| Action item |
Print the listing below only from the line that has "Вот как конвертировать" through the line that has "Featuring a ruby", exactly, and drop any picture.

| Exercise materials |
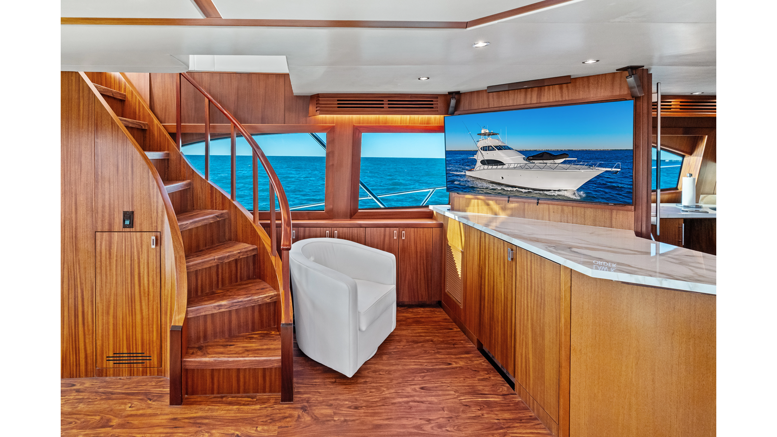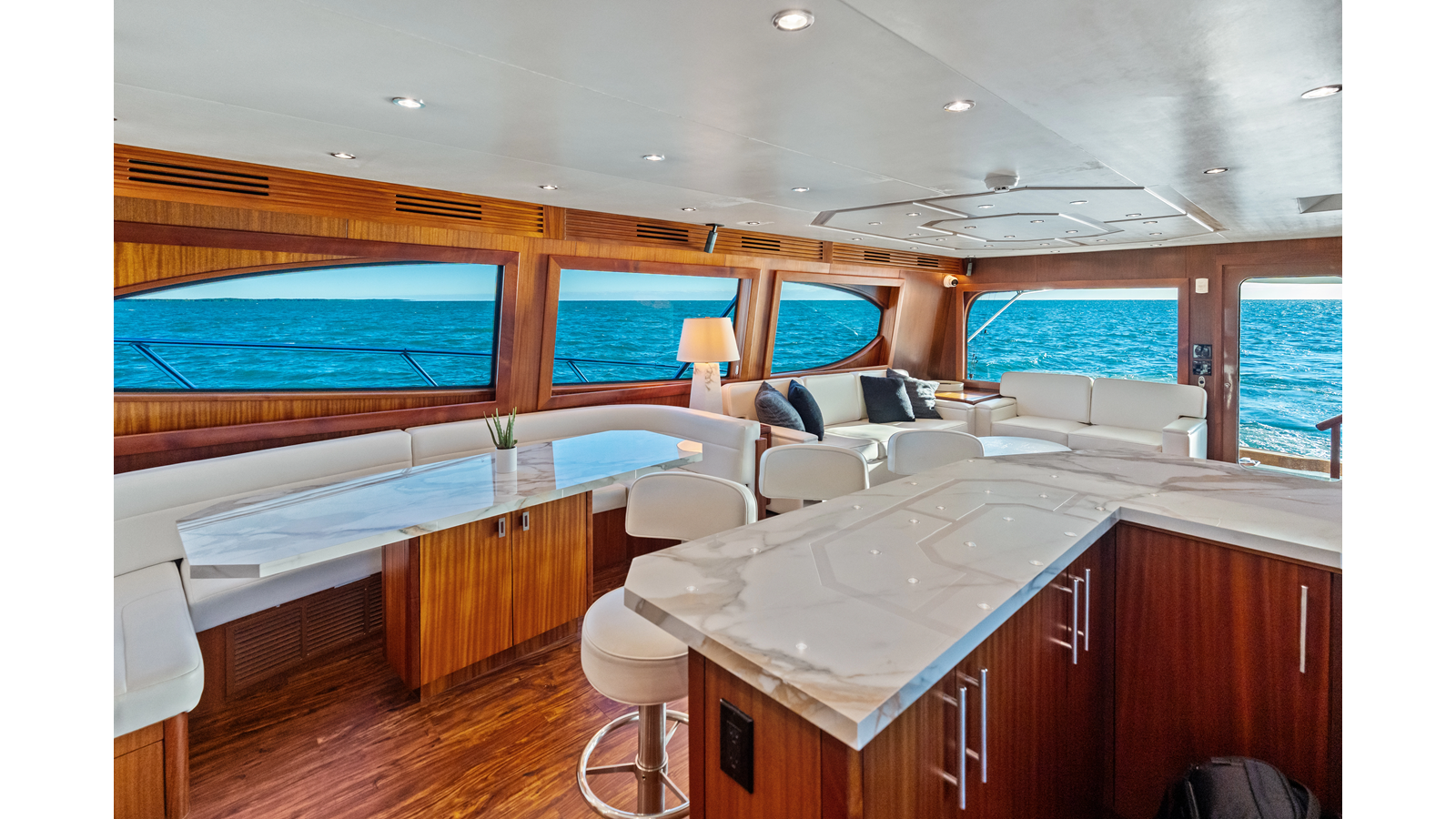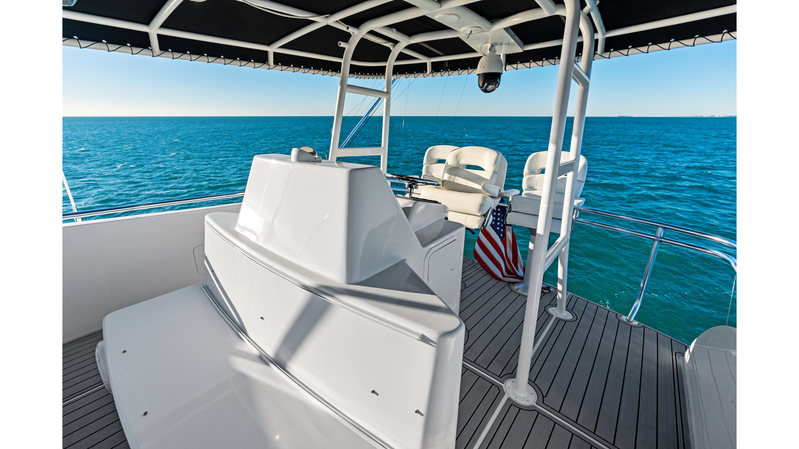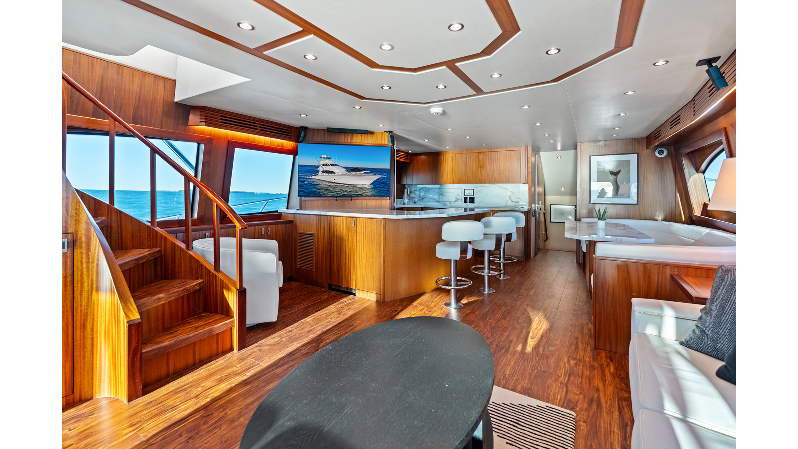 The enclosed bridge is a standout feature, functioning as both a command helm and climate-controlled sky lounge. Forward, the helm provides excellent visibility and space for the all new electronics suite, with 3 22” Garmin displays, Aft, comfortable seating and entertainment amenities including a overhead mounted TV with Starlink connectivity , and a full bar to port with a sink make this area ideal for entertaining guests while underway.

---

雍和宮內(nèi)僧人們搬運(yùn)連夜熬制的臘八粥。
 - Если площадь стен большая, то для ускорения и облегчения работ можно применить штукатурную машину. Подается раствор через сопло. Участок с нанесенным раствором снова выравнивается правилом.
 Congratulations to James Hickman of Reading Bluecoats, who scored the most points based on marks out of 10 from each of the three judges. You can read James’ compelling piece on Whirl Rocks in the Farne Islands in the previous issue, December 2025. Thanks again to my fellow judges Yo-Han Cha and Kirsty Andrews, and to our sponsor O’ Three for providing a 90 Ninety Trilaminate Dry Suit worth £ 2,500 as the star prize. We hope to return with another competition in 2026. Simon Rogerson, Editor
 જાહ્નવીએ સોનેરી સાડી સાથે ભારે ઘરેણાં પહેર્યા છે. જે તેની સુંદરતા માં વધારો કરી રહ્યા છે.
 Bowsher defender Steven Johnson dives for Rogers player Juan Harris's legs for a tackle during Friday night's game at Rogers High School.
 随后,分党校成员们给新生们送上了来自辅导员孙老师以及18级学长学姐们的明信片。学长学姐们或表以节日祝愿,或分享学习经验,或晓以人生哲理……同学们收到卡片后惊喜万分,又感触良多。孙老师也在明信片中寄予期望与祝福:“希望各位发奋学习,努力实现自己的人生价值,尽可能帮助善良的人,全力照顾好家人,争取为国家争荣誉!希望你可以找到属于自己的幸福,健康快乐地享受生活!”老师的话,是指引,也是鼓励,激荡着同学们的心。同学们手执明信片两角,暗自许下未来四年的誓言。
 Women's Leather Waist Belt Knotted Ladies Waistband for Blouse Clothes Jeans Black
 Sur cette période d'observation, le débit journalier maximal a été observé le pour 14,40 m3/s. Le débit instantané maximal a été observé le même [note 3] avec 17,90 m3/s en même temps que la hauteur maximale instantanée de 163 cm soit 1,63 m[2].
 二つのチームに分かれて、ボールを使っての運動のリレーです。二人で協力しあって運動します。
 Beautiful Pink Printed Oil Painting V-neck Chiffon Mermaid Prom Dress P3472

--

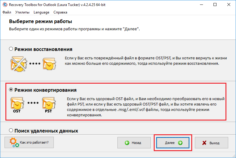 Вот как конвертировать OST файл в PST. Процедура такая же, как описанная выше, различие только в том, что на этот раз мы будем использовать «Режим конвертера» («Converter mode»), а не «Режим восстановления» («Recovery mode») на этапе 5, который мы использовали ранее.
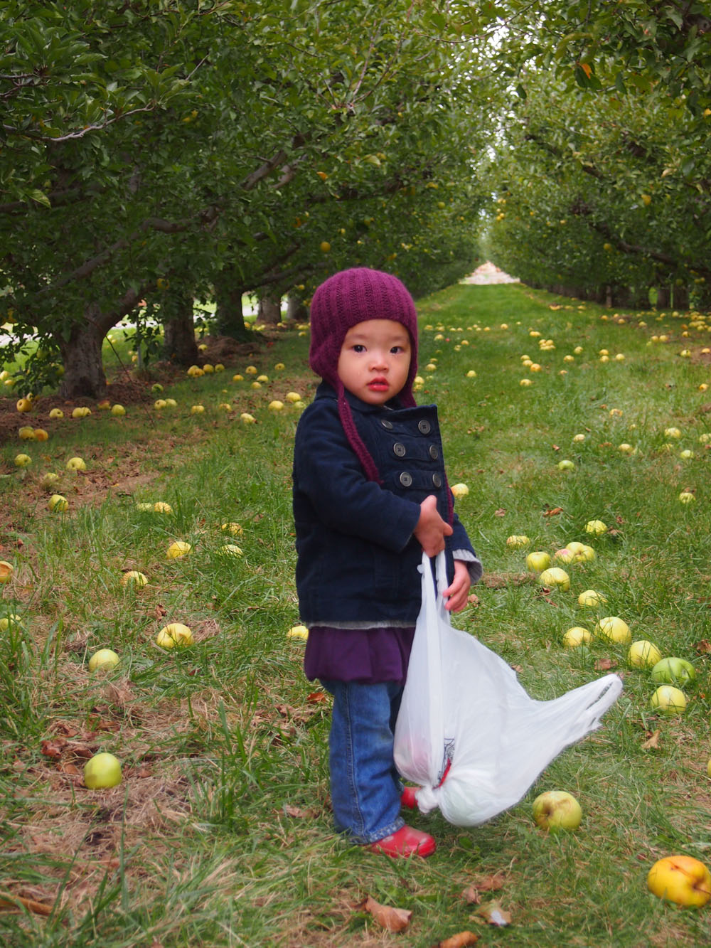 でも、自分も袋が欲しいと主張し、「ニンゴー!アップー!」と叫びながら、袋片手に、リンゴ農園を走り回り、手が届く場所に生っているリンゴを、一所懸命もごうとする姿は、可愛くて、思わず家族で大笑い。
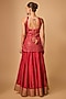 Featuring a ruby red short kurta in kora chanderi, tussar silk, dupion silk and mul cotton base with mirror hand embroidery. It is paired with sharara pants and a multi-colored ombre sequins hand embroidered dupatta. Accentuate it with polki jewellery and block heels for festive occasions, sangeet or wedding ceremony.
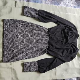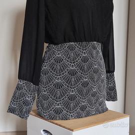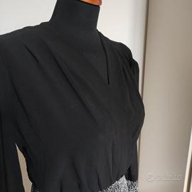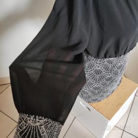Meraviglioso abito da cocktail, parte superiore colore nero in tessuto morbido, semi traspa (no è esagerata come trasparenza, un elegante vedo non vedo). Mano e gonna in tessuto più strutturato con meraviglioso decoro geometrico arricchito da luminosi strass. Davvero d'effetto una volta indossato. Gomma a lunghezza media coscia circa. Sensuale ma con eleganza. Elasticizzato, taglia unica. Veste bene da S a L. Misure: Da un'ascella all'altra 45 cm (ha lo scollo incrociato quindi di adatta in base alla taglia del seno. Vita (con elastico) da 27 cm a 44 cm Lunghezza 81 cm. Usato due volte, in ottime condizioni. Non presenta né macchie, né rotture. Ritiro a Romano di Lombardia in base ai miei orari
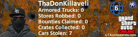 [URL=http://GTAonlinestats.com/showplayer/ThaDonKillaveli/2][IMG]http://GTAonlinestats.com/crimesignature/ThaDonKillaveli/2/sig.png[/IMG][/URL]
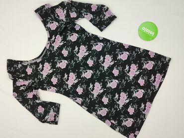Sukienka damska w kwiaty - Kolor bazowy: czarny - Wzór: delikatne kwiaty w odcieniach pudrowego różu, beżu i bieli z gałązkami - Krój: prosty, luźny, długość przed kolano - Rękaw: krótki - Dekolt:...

| Exercise response |
 Вот как конвертировать OST файл в PST. Процедура такая же, как описанная выше, различие только в том, что на этот раз мы будем использовать «Режим конвертера» («Converter mode»), а не «Режим восстановления» («Recovery mode») на этапе 5, который мы использовали ранее.
 でも、自分も袋が欲しいと主張し、「ニンゴー!アップー!」と叫びながら、袋片手に、リンゴ農園を走り回り、手が届く場所に生っているリンゴを、一所懸命もごうとする姿は、可愛くて、思わず家族で大笑い。
 Featuring a ruby red short kurta in kora chanderi, tussar silk, dupion silk and mul cotton base with mirror hand embroidery. It is paired with sharara pants and a multi-colored ombre sequins hand embroidered dupatta. Accentuate it with polki jewellery and block heels for festive occasions, sangeet or wedding ceremony.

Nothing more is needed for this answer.